Here is an interesting story. Thanks to the German social system, if you are out of work for long enough, they can force you to take a job. This wouldn't normally be a problem until prostitution was legalized 2 years ago:
Under Germany's welfare reforms, any woman under 55 who has been out of work for more than a year can be forced to take an available job – including in the sex industry – or lose her unemployment benefit.

The government had considered making brothels an exception on moral grounds, but decided that it would be too difficult to distinguish them from bars. As a result, job centres must treat employers looking for a prostitute in the same way as those looking for a dental nurse.
So now the state is turning out former secretaries and computer programmers into the sex industry. Wonderful.
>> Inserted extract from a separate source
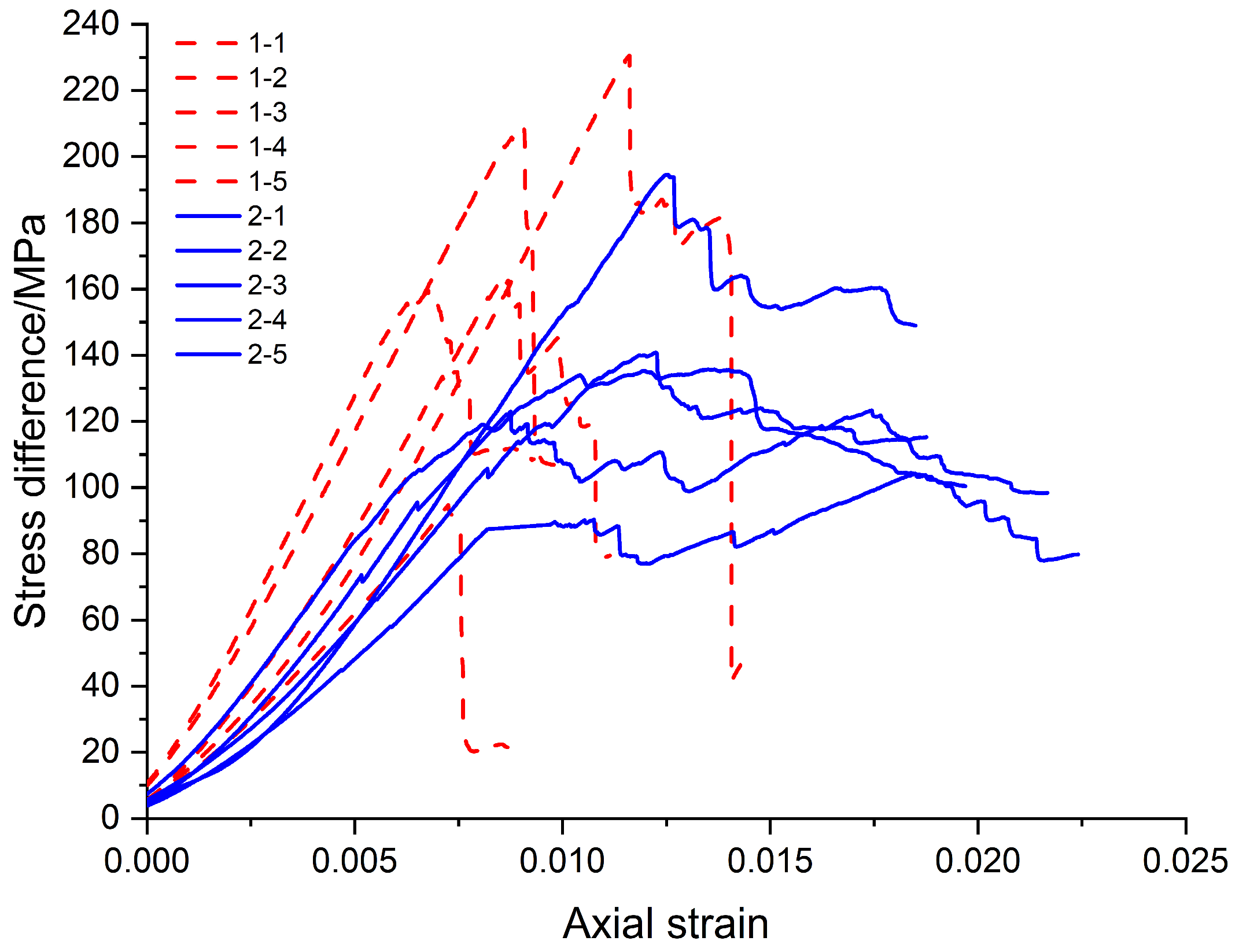 Figure 2, where Tests 1-1 to 1-5 were conducted under a confining pressure of 5 MPa, and Tests 2-1 to 2-5 under 10 MPa. The explanation of

"There is now nothing in the law to stop women from being sent into the sex industry," said Merchthild Garweg, a lawyer from Hamburg who specialises in such cases. "The new regulations say that working in the sex industry is not immoral any more, and so jobs cannot be turned down without a risk to benefits."
And in this lies the real problems folks, the government does not decide what is moral or immoral. Higher authorities than men decide such things. I've talked about this before. One of the disadvantages of socialism is that it tends to blur the roles of God and Government. Insert slippery slope here.

UPDATE: Evangelical Outpost also is covering this. Volokh Conspiracy believes this story has been overblown by shoddy journalism. The original article that started it in German and was translated here.